Got Blue Apron for about 6 months, about a year and a half ago.
1. Made me realize that I traditionally either spend time prepping, then toss in a pot to cook on its own, or very little prep time, but lots of time spent on cooking. With Blue Apron, there was tons of prep AND tons of cooking time. Part of the reason I dropped the service. My husband works random hours, and we ended up eating very late most nights.
2. Ingredients were top notch. Every piece of meat, every vegetable was great quality.
3. Tried lots of food and cooking techniques that wouldn't have otherwise. Still use many of them.
4. Waste - LOTS of waste. Every ingredient came in a plastic bag or cup. We threw away so much packaging, it wasn't even funny.
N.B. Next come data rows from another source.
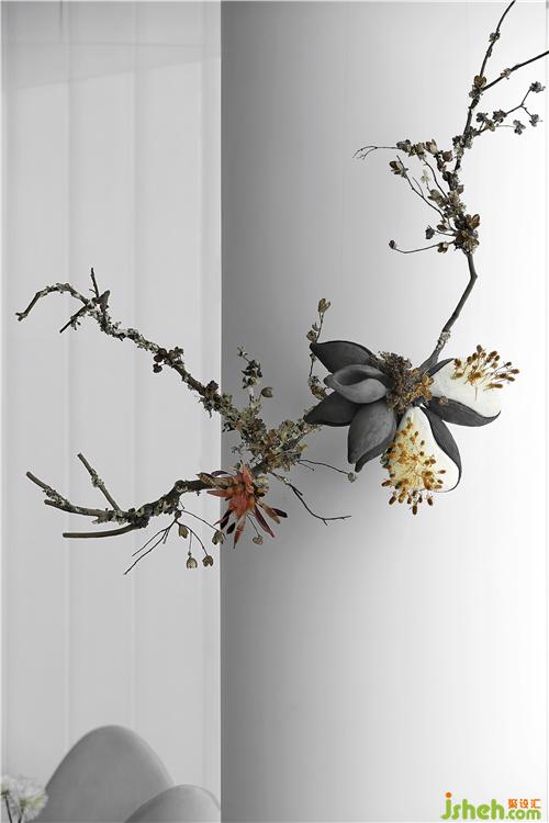 爱马仕御用花艺设计师李霁创作的一组花艺,以季节未来感作为装置架构,与永生的植物、干燥树干镶嵌,利用有机质与无机质的衔接,传递汇聚融生的精神主轴。质与植的组合,恰如树叶和植物的纤维,被游荡的微风合成歌颂造物主的乐弦,每一片叶子都是一个声部,每一次奏响皆是一首颂歌。
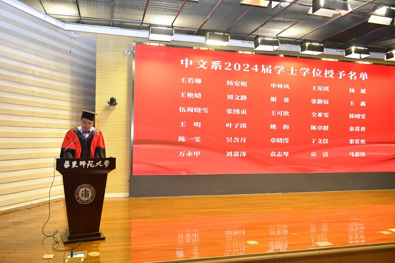 出席本次典礼的有中文系系主任文贵良,人文与社会科学学院院长、中文系古代汉语教研室教师吕志峰,中文系党委书记徐默凡,中文系副系主任方笑一、汤拥华、王嘉军,中文系党委副书记徐燕婷,教师代表、中文系文艺学教研室教师刘晓丽,系主任助理徐俪成。本次典礼还邀请到了著名作家、上海市作协副主席赵丽宏先生作为校友代表出席活动。全体毕业班辅导员和中文系2024届毕业生共同参与典礼。
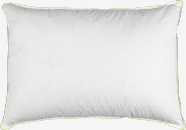 Възглавница с изкуствен пълнеж 50x70 см с уникален пълнеж от силиконизиран влакнест пух, наподобяващ естествен, 800 г. Мекият, лек влакнест пух запазва обема си и лесно възвръща формата си. Мекият калъф от 100% памучен камбрик е третиран с биоцида GREENFIRST®. Пране 60°C. Вкл. чанта за съхранение.
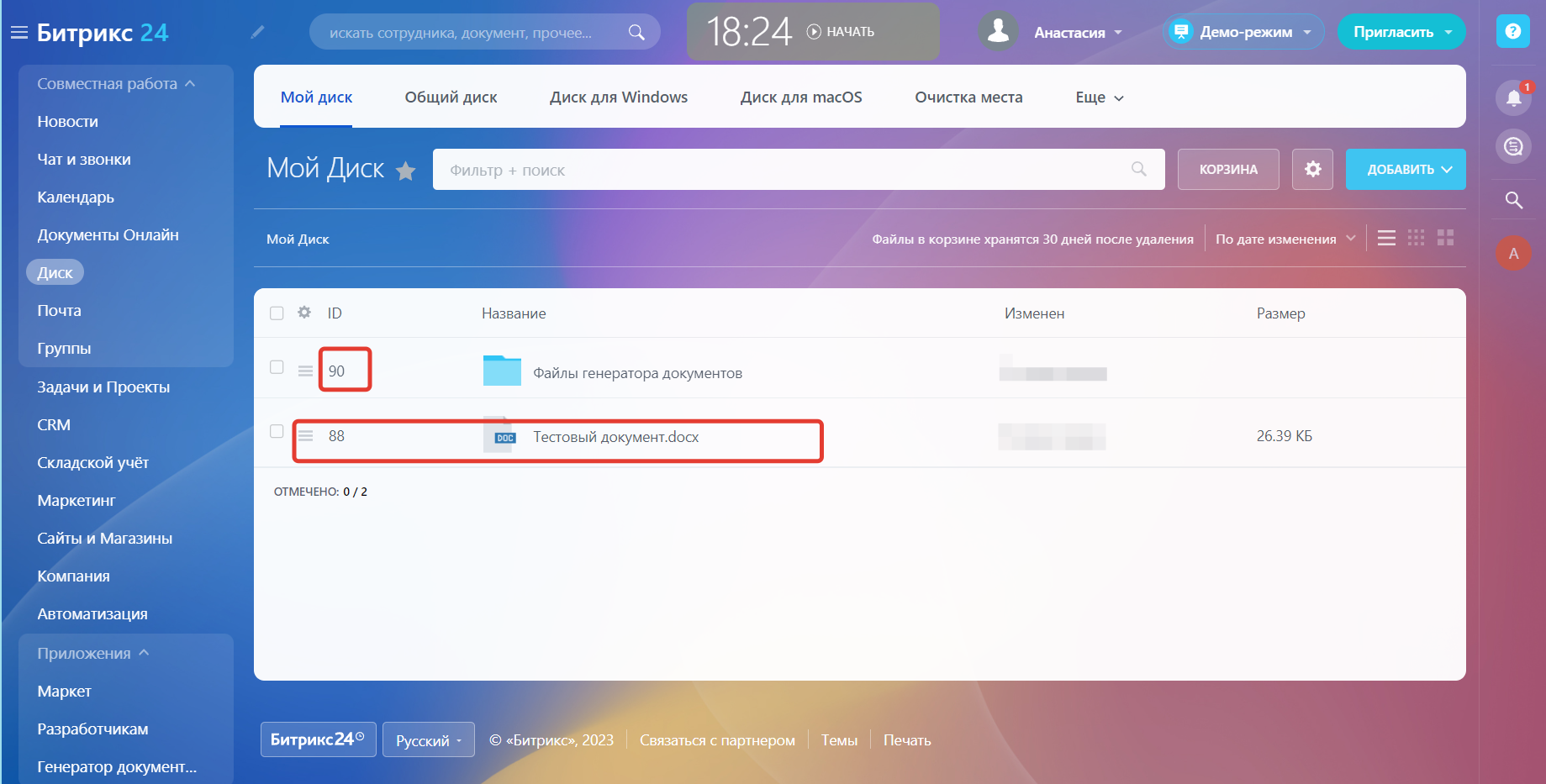 Обратите внимание на поле ID рядом с загруженным шаблоном. Оно будет использовано в настройках Генератора. Если столбец ID скрыт, включите его отображение в настройках.

5. We hit a stretch where they were advertising a lot, and you could tell they were overwhelmed. We ultimately decided to stop the service when one meal came with a side that was literally parsley and a stalk of celery made into a salad, with a lemon, salt and pepper dressing. We looked back at the recipes from 6 months before, and they had gotten simpler and cheaper, and it just wasn't worth the money.
Between learning to cook as a child and being a professional in the food service industry, I don't find cooking to be especially time consuming and I enjoy the process of food shopping and preparing meals. That being said, I have friends and relatives who have received these meal planning services and have really liked them. For one friend in particular who only received the service for a trial period, it introduced him to to a new-to-him foodstuffs/food combinations that he might never have otherwise tried. For my sister, a fairly proficient home cook and adventurous eater herself, it was a way of having restaurant-style food without having to actually go out after a long workweek.
As others have said, they are expensive for what you get.
BUT, they are good, and we did it for awhile and it really introduced some new flavors, styles, recipes, to our kitchen. Nothing that was way "out there," but definitely stuff outside of our normal repoertoire.
AND, as two people (my wife and I) we weren't forced to buy ingredients that sat and went bad. That was the other nice thing, little waste. Yes, I understand that I paid more for less but I wasn't left with either a recipe for a family or a half a can of peppers that I didn't want to throw out but didn't want to eat and didn't have a use for later that week.
for me it's good if one member of family is on very specific diet/lifestyle ie paleo, keto, AIP or whole30. I alternate between whole30 and paleo but rest of my family is husband with 2 young growing boys so those meal kits wouldn't work for them nor be enough!
I order for myself 2 meals a week and I fix the family meals they like and modify for myself. As it is, it's a lot of work and prep for me. so I see the meal kit help me to save time to spend with my family vs hours in grocery store and in kitchen slaving away.